This operator is used to add two tensors.


Cast Operator casts the given input tensor into the dtype given in the parameter.


Two tensors are concatenetaed on a specific dimension or axis using this operator.


This operator is used to divide a tensor from another.

Expand Dims

Expand Dims Operator expands the dimensions of the input tensor at the given axis.


This is basically a copy operator. The input tensor is copied as N output tensors.


Performs Matrix Multiplication Operation.


This operator is used for multiplication of two tensors.


Reduce Operator reduces the input tensor based on the given action one among MEAN, MIN, MAX, SUM, ARGMAX at a given axis.


This operator performs the reshape on a given tensor to the new shape specified.

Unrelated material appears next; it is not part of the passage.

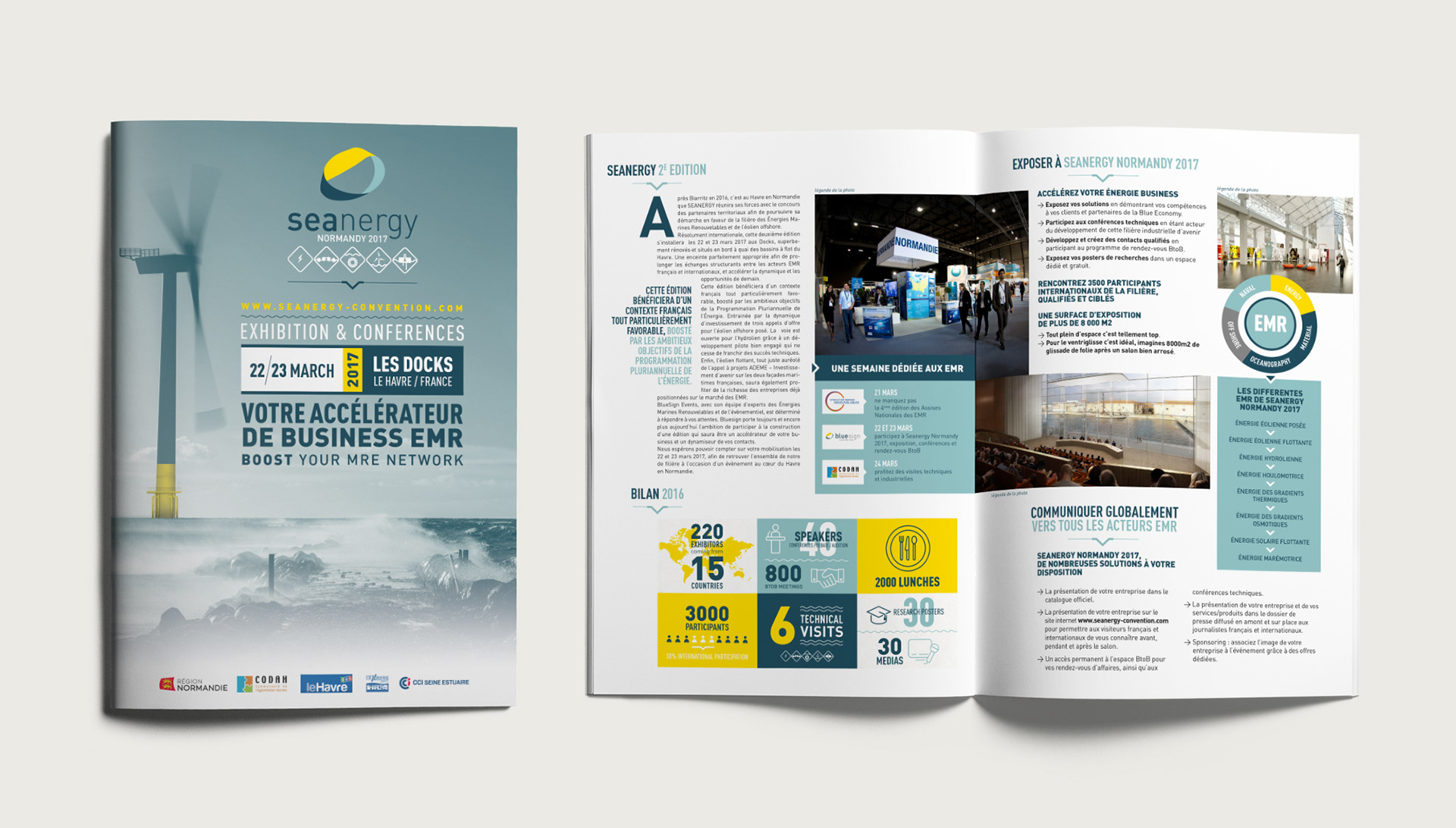 Je réalise depuis 3 ans l'identité visuelle du salon des énergies marines renouvelables en collaboration avec l'agence de communication globale Forget Me Not.

This operation extracts a slice of size from a tensor input starting from the specified begin location.


This operator splits a tensor into sub tensors on a specified axis. This operation is inverse of Concatenation.


Squeeze Operator removes all the dimensions of size 1 from the shape of a tensor. If axis is provided the operation is performed only on the given axis.

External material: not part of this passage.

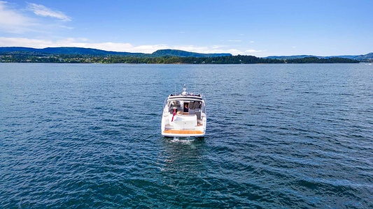 Lys, moderne og sommervennlig båt! En perfekt båt for solfylte dager og lyse sommerkvelder.

This operator is used to subtract a tensor from another.


Tile Operator creates a new tensor by replicating input multiples times. The output tensor's i'th dimension has input.dims(i) * multiples[i] elements, and the values of input are replicated multiples[i] times along the 'i'th dimension. For example, tiling [a b c d] by [2] produces [a b c d a b c d].

Timing Signal

This Operator adds a bunch of sinusoids of different frequencies.Each channel of the input Tensor is incremented by a sinusoid of a different frequency and phase.


Transpose Operation's output dimension i will correspond to the input dimension perm[i]. If perm is not given, it is set to (n-1...0), where n is the rank of the input tensor. Hence by default, this operation performs a regular matrix transpose on 2-D input Tensors. If conjugate is True and a.dtype is either complex64 or complex128 then the values of a are conjugated and transposed.


Unpacks the given dimension of a rank-R tensor into rank-(R-1) tensors.